Andres and coworkers demonstrated the iCP of densely packed alkanethiolate-functionalized Au nanoparticle arrays in monolayer and multilayer structures.81,82 Dense and hexagonally packed monolayers of nanoparticles were first assembled on a water surface. By using the Langmuir-Schafer technique, the Au nanoparticle monolayer was transferred to a PDMS stamp, and printed onto a substrate. Multilayers were prepared by repeating the printing process in an LbL scheme, in which subsequent particle layers may be made up of the same or different types of particles. Similarly, the assembly of irregular, densely packed monolayers of polystyrene nanoparticles on iCP substrates via carbodiimide coupling was reported.83 The conformal contact of the carbodiimide-functionalized polystyrene particles resulted in the covalent attachment of the nanoparticles at a carboxylate-functionalized surface. 

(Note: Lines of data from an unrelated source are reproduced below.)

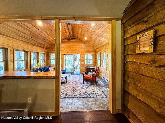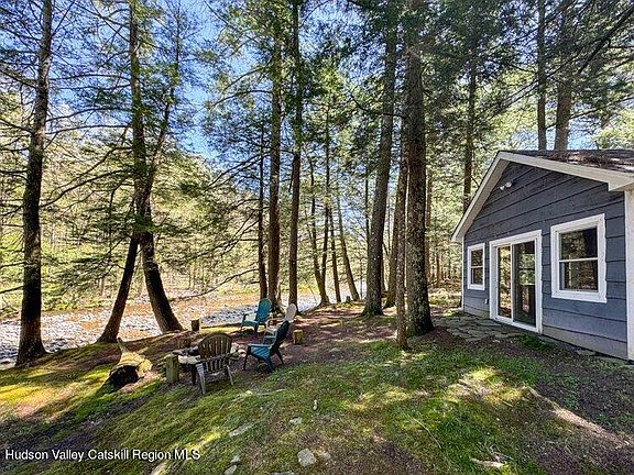 This cabin in the woods was upgraded to a year round dwelling with two large additions: The first a spacious pine-paneled living room with cathedral ceiling, wood stove and glass sliding doors looking out at the woods and Neversink River in the back. Stairs lead up to a generous loft. The other is a light-filled sunken sunroom, with 3 sides wrapped in windows. Another glass slider allows for year round water views. It also provides easy access to the back of the house, where soaring pines with high canopy blanket the ground in needles. It is where owners and their guests gather around a crackling fire, share their stories and are bathed in the calming sounds of the river. The basic country kitchen is roomy and includes a corner for dropping gear, while a staircase leads to a deep loft that could easily serve as a fourth bedroom or office space. A short hallway off the kitchen leads to 2BRs and a bathroom. And then there is the river, whose calming presence can't be over-stated.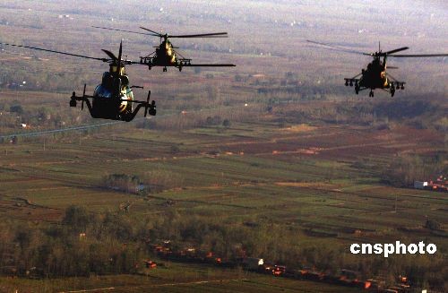 10月24日,中國(guó)人民解放軍濟(jì)南軍區(qū)參加“前鋒--2008”演習(xí)部隊(duì)在訓(xùn)練基地集結(jié)完畢,裝甲、陸航部隊(duì)進(jìn)入訓(xùn)練階段。這次演習(xí)以信息化條件聯(lián)合作戰(zhàn)為背景,進(jìn)行實(shí)兵、實(shí)彈演練,將有二百余名外國(guó)軍人、留學(xué)生參觀。據(jù)悉,這是中國(guó)軍隊(duì)首次大規(guī)模對(duì)外國(guó)留學(xué)生開(kāi)放軍事訓(xùn)練演習(xí)。中新社發(fā) 宋吉河 攝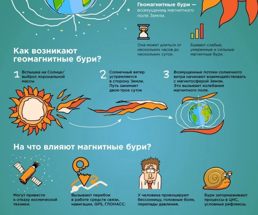 Как возникают геомагнитные бури и на что влияют (инфографика)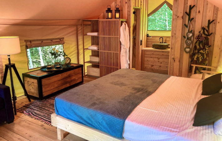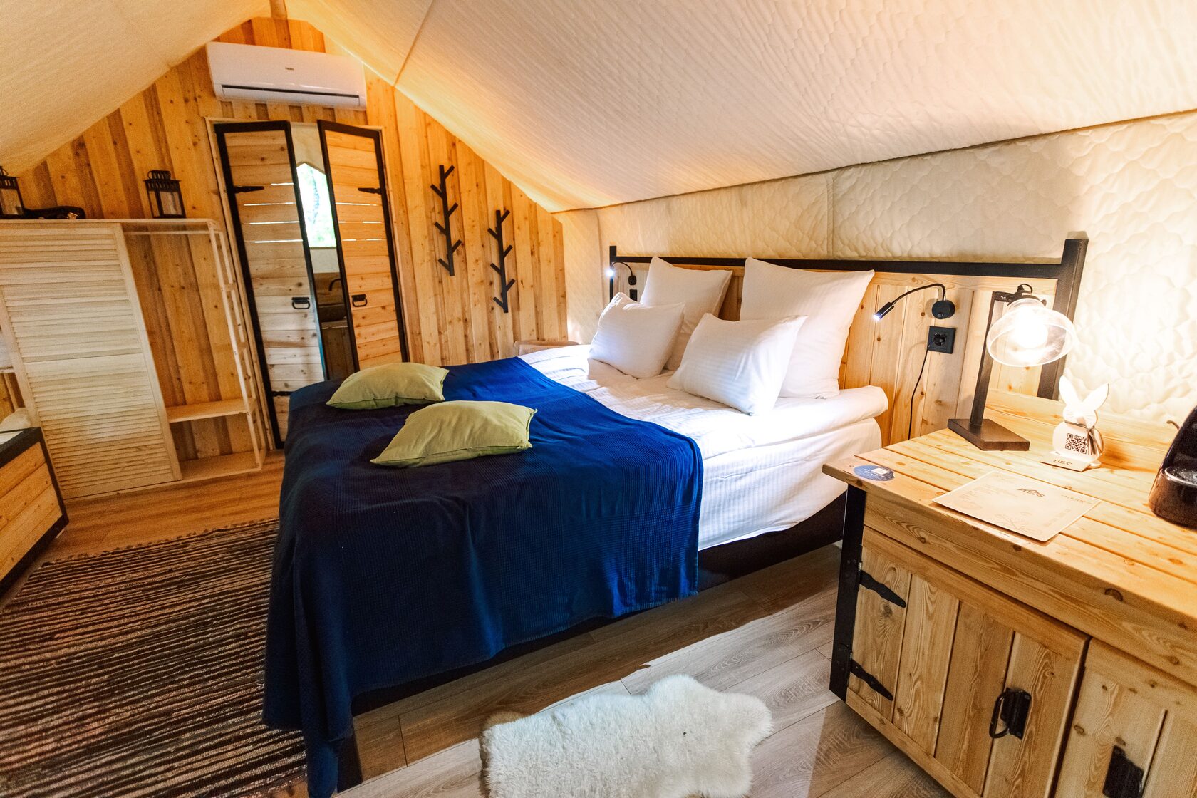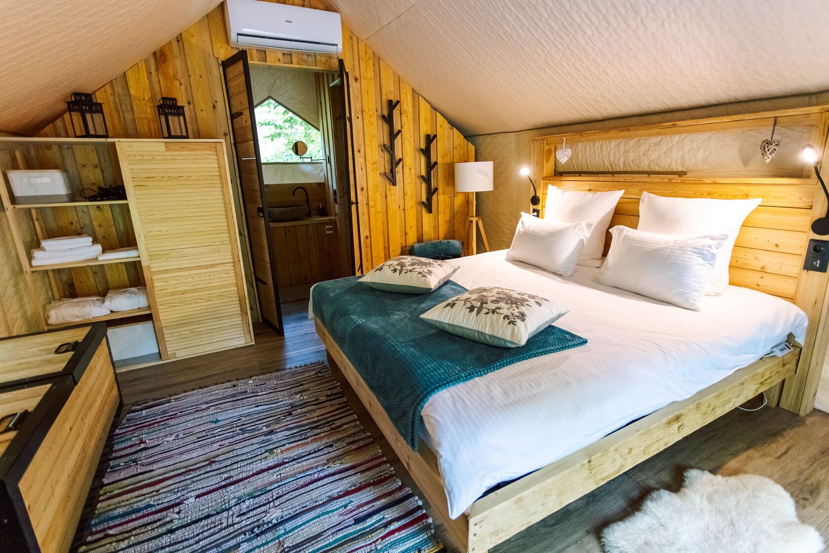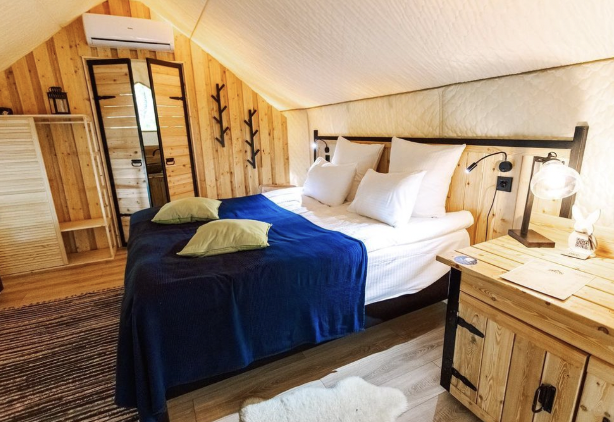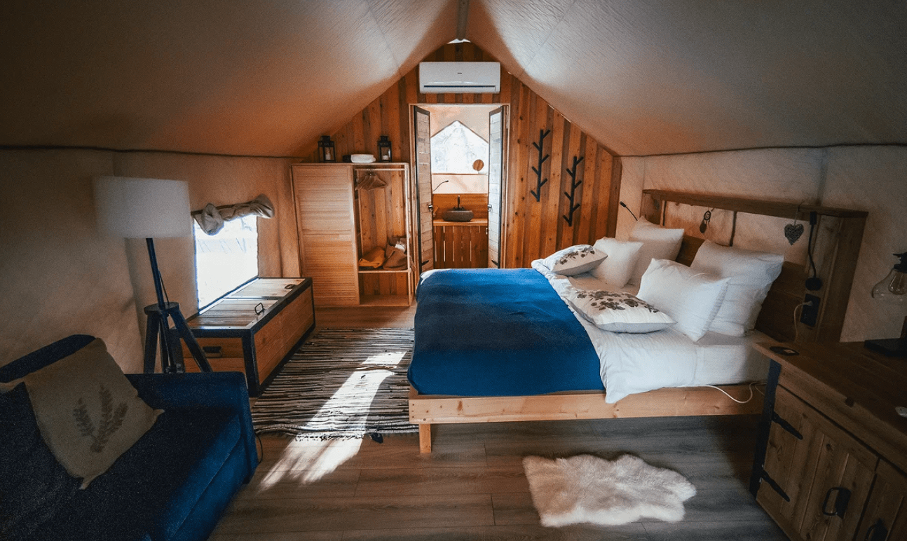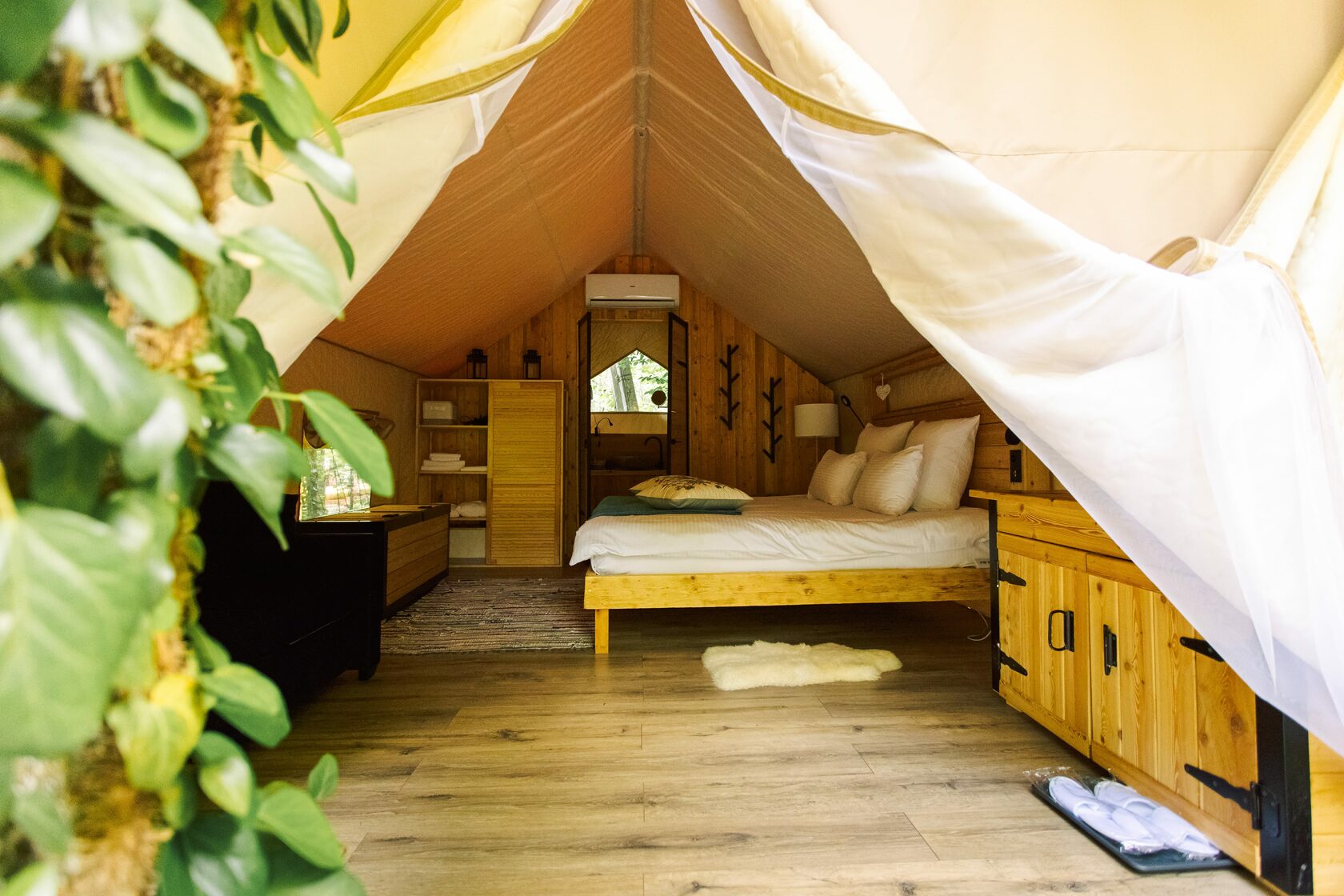 15 уникальных тент-хаусов, подарят вам невероятный комфорт: удобная мебель из натуральных материалом, удобства, кондиционер. Широкая терраса для романтических вечеров и уединённых завтраков.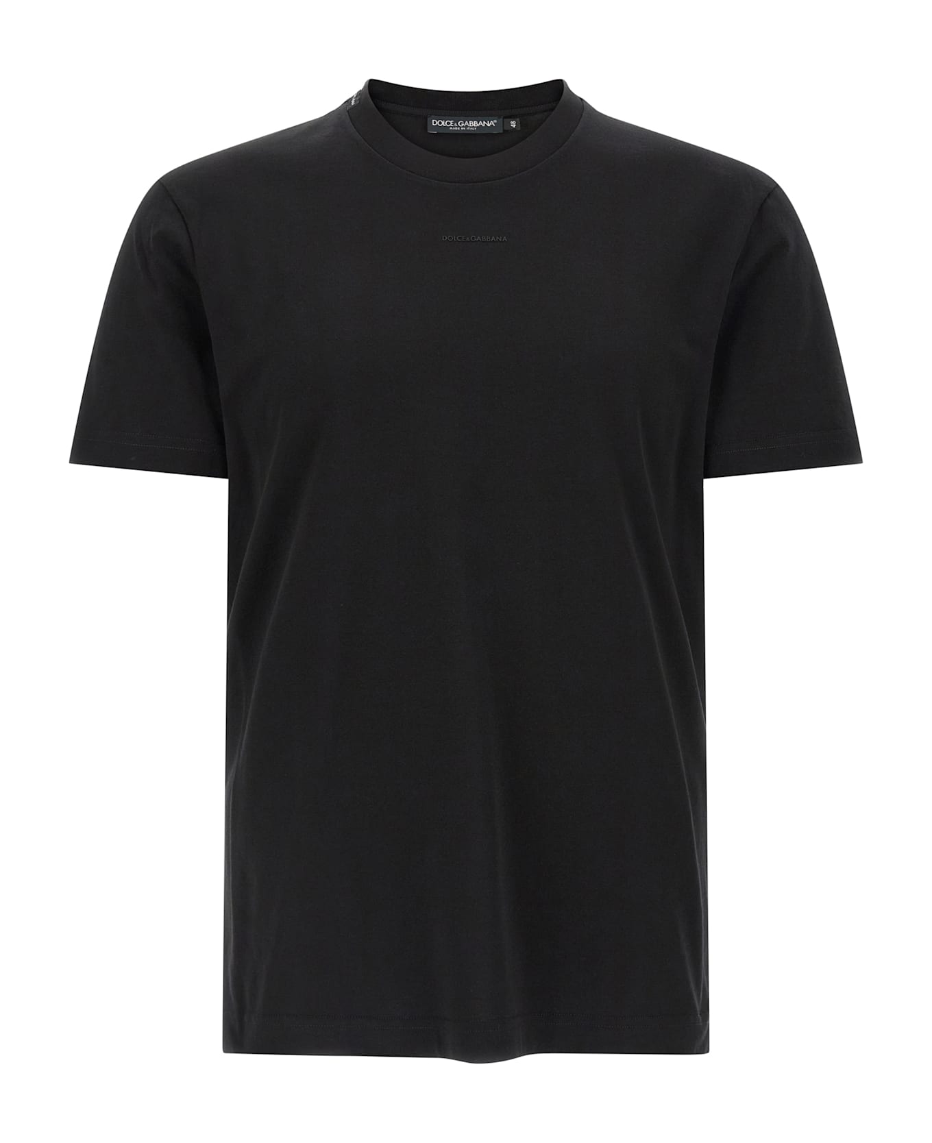 Cotton jersey T-shirt, mini tone-on-tone logo embossed on the front, crew neck, short sleeves with dropped shoulders. Composition: 100% cotton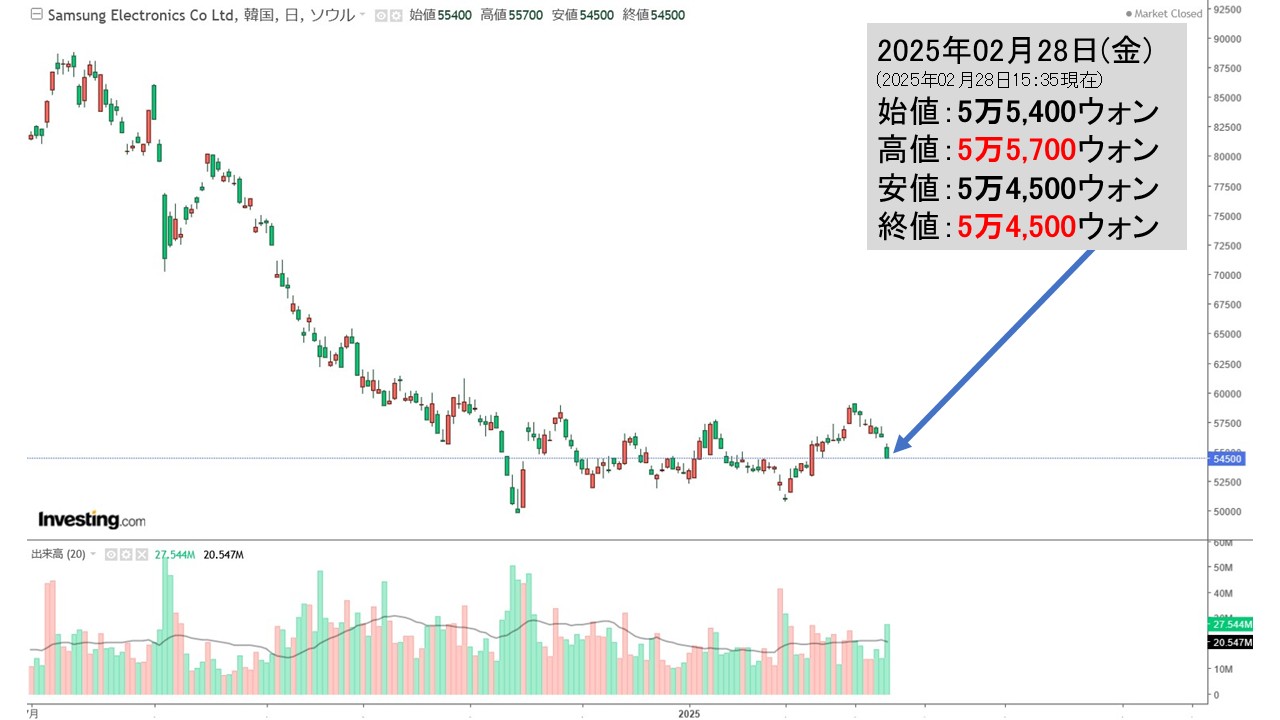 上掲のとおり、2025年02月28日(金)時点で『サムスン電子』の株価は「5万4,500ウォン」。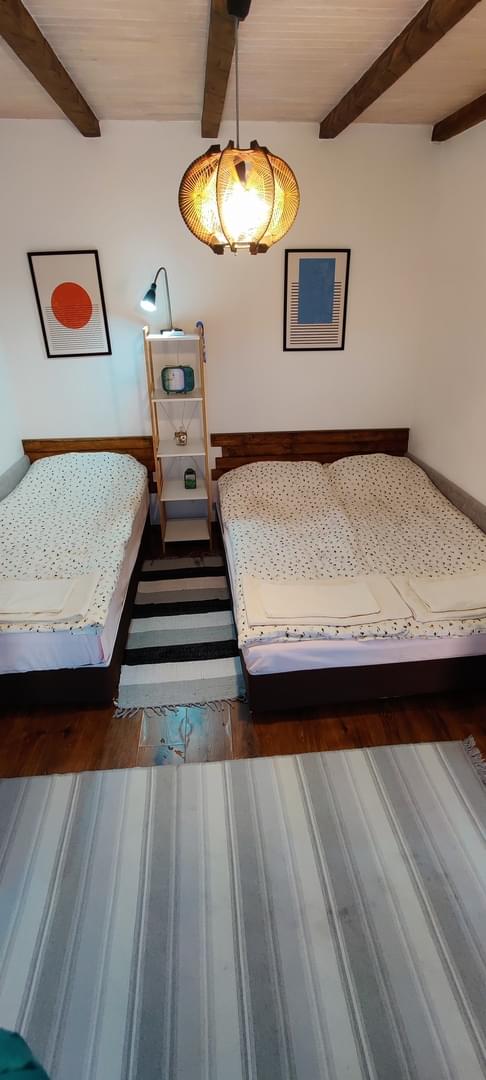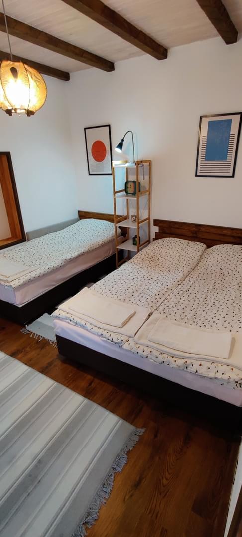 Състои се от две стаи с по 1 двойно и 1 единично легло с обща баня и тоалетна.
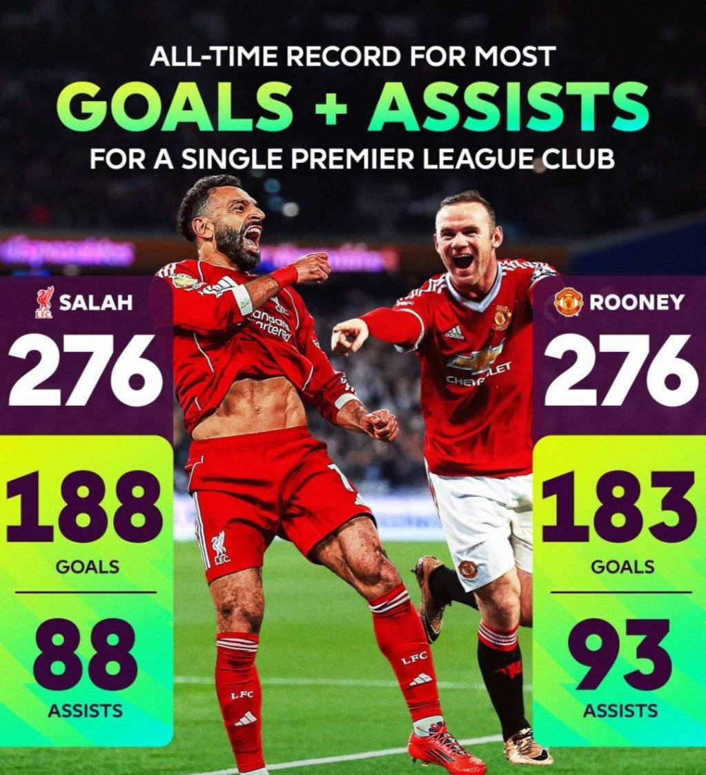 با احتساب گل صلاح مقابل ویلا، فرعون مصری اکنون با ۱۸۸ گل و ۸۸ پاسگل با پیراهن لیورپول در تاریخ لیگ برتر انگلیس، به همراه وین رونی با مجموع ۲۷۶ تاثیرگذاری روی گل، رکورد بیشترین تاثیرگذاری در گلهای تاریخ لیگ جزیره با پیراهن یک باشگاه خاص (لیورپول) را در اختیار دارد. رکوردی جاودان برای ستاره مصری قرمزهای آنفیلد که تا میتواند تا سالهای سال دست نخورده بماند.

Wolf et al. introduced the self-assembly, transfer, and integration (S ATI) of nanoparticles with high placement accuracy.86 87 Silica and polymer nanoparticles were positioned on a PDMS stamp through convective assembly (Fig. 13.14). By controlling the printing temperature or by using a thin polymer layer as an adhesion layer, nanoparticles of different shapes and sizes were printed onto the target substrate. 

---